Figure 1 Diagram of the device for observing the action potential of the nerve trunk and measuring the conduction velocity of the nerve impulse
(2) The specimen shielding box is lined with filter paper soaked in Ringer's solution to increase the air humidity in the box and prevent the nerve stem from drying out quickly.
(3) Rotate the nerve stem specimen on the stimulation electrode, ground electrode and guide electrode.
(4) Start the ZL-620U medical signal acquisition and processing system and set the parameters (Table 1). The stimulation mode can also use single stimulation or main cycle stimulation, and gradually change the stimulation amplitude.
3. Experimental observation
1) Observe the effect of different stimulation intensities on the action potential of the nerve trunk: gradually increase the stimulation intensity, and find the stimulation intensity (threshold intensity) that can just cause a tiny nerve trunk action potential. Continue to increase the stimulation intensity, the nerve trunk action potential also increases accordingly. When the action potential increases to the maximum (no longer increases with the stimulus intensity), the stimulus intensity is the maximum stimulus intensity.
(2) Carefully observe the biphasic action potential waveform. The amplitude of the upper and lower phases of the biphasic action potential at the maximal stimulus and the duration of the entire action potential were read out.

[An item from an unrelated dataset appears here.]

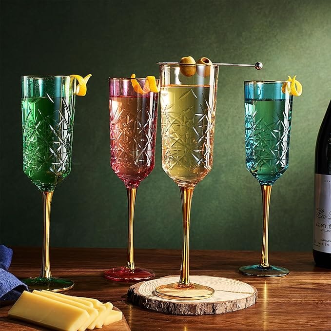 - Champagne Tower: For a dramatic touch, create a champagne tower. Use coupes (saucer-shaped glasses) stacked in a pyramid, and pour champagne from the top for a cascading effect.

(3) Observe the changes in the biphasic action potential waveform after the rotation direction of the nerve stem specimen is reversed.
(4) Determination of action potential conduction velocity
1) When the nerve trunk is stimulated with the maximum stimulation intensity, two biphasic action potential waveforms formed successively can be observed in the sampling windows of channels 2 and 4.
2) Measure the time from the stimulation artifact to the onset of the two action potentials, set channel 2 as t1 and channel 4 as t2 (or directly measure the interval time between the onset of two action potentials), and calculate the time difference.
3) Measure the distance s between the two pairs of guide electrodes CH2 and CH4 in the specimen barrier box (the distance between r1 and r2 should be measured).
(5) Observation and measurement of monophasic action potential waveforms (before injuring nerve specimens, the experiment of "measurement of nerve trunk action potential refractory period" can be done first).
1) Use tweezers to pinch the nerve between the two recording electrodes of CH4 or block it with drugs, and then present a monophasic action potential during re-stimulation.
2) Read out the amplitude of the monophasic action potential and the duration of the entire action potential at the maximum stimulus.
3) Compare the rise time and fall time of the monophasic action potential, and analyze the relationship with the biphasic action potential waveform.
1. Find the range of suprathreshold stimulation when the wave width is a certain value, and record the values of threshold stimulation and maximum stimulation.
2. Print biphasic and monophasic action potential waveforms, and measure their maximum amplitude and duration.
3. Calculate the conduction velocity of the nerve impulse: υ=s/(t2-t1)(m/s).